By Dave and Ellen Setser, EAA Lifetime 334330 and 1232638.
I’ve been obsessed with aviation since I was about 5 years old. I started taking flying lessons during my senior year of high school and passed my private check ride a year later. But the idea of building my own airplane didn’t really take root until the Air Force assigned me to Edwards Air Force Base in 1991. I joined EAA Chapter 1000 as it was just forming at Edwards, and it seemed like everyone in the chapter had a project underway. But the airplane that caught my eye was the RV, and a couple of years later I was the proud owner of an RV-6A tail kit. But my Air Force duties, evening classes, and other pursuits kept the project on the back burner, and I eventually shelved it.
Fast-forward to 2002. I was out of the Air Force, in Boston, and had just met my wife-to-be, Ellen, when the building bug struck again with full force. I was hesitant to mention my affliction to Ellen, not knowing how she’d respond. But she was really supportive, and we soon had an RV-7 tail kit and a workshop in the basement. Ellen has always been a full partner in the project, learning to rivet like a pro. Someone who agrees to marry you after you start building an airplane is definitely a keeper!
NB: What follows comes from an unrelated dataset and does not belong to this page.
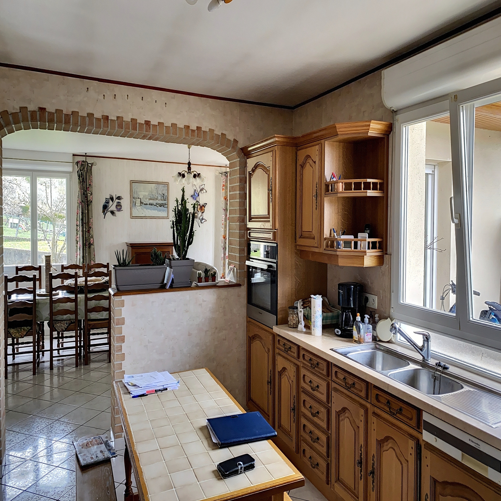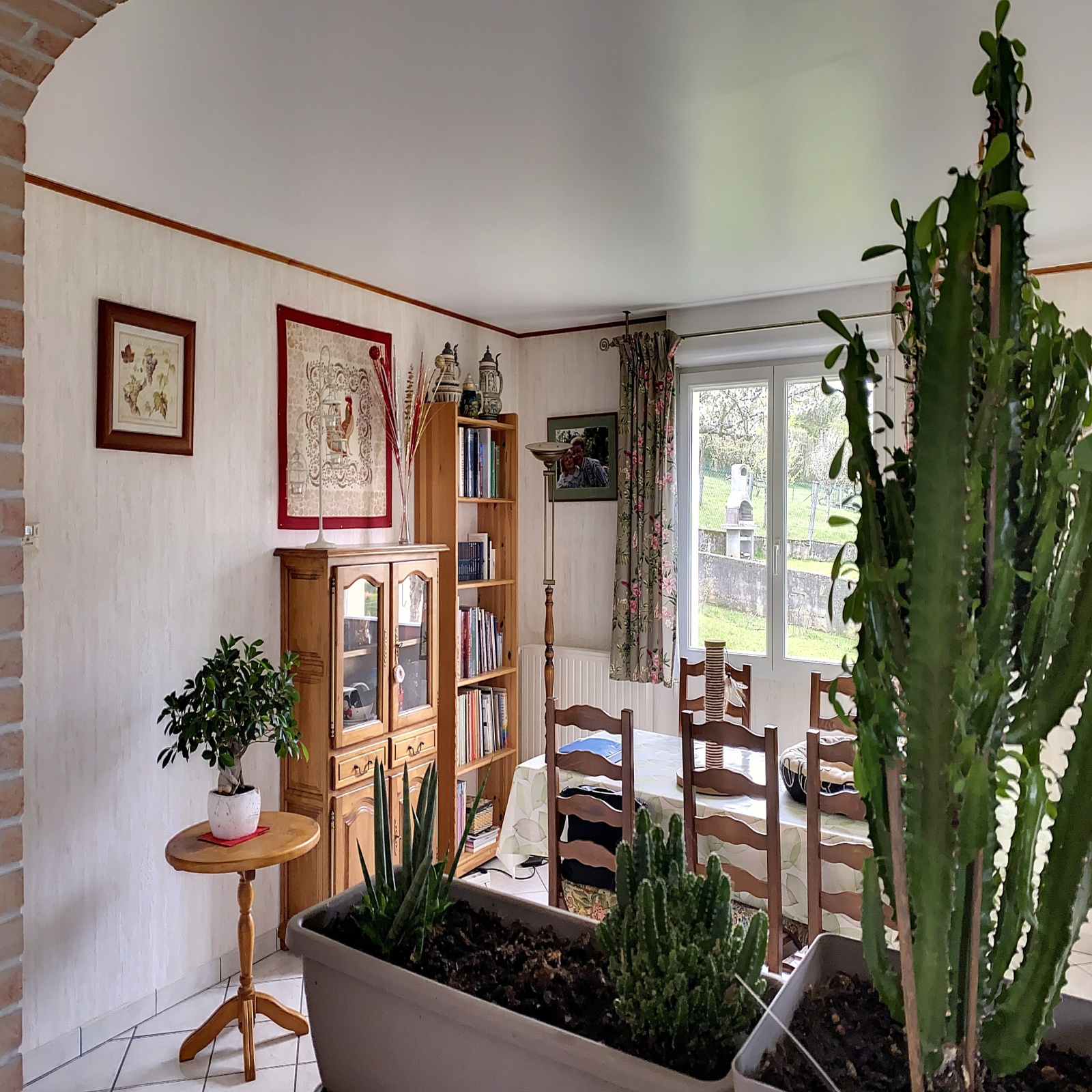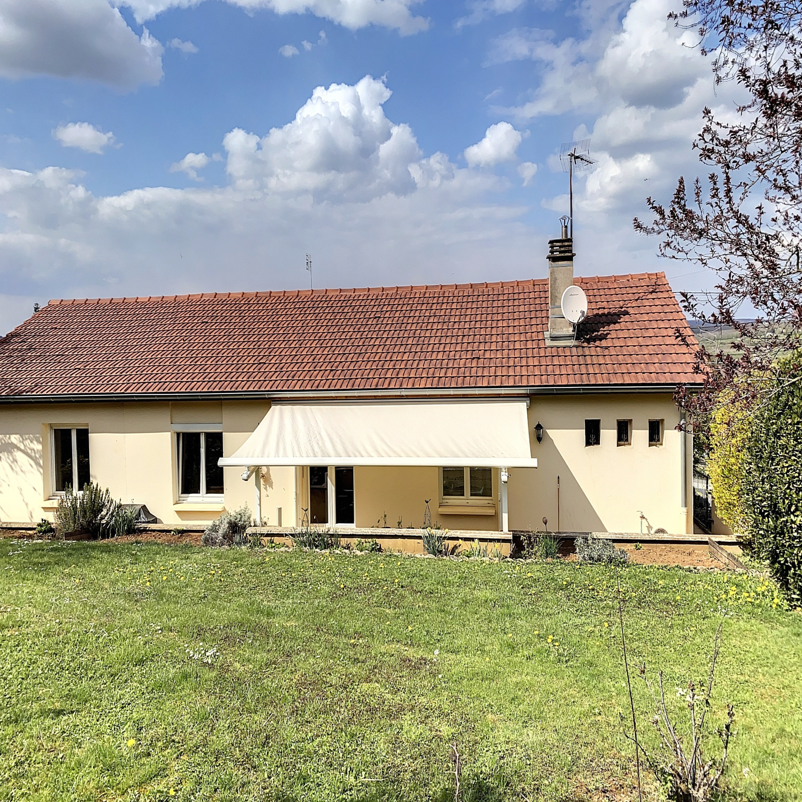 Joli pavillon plain-pied d’environ 110 m² avec terrain de 10 a 75 ca sur les hauteurs d’une dynamique commune chef-lieu de canton à proximité à pieds des commerces et du centre. il comprend :

We started building in a small basement in our rental house in suburban Boston and then moved to a large one-car garage when we bought a house just down the street. That’s where we built the wings and fuselage. We were perpetually short on storage space; the wings and tail were stored in our den for a couple of years. Once the big parts came together, we moved to hangar space at the Nashua, New Hampshire, airport. Building was a slow process, around 16 years more or less. We moved several times in that period as my career progressed, often having demanding travel schedules. Family activities — soccer games, skating practice, band concerts — took priority over building. It’s probably true that engineers…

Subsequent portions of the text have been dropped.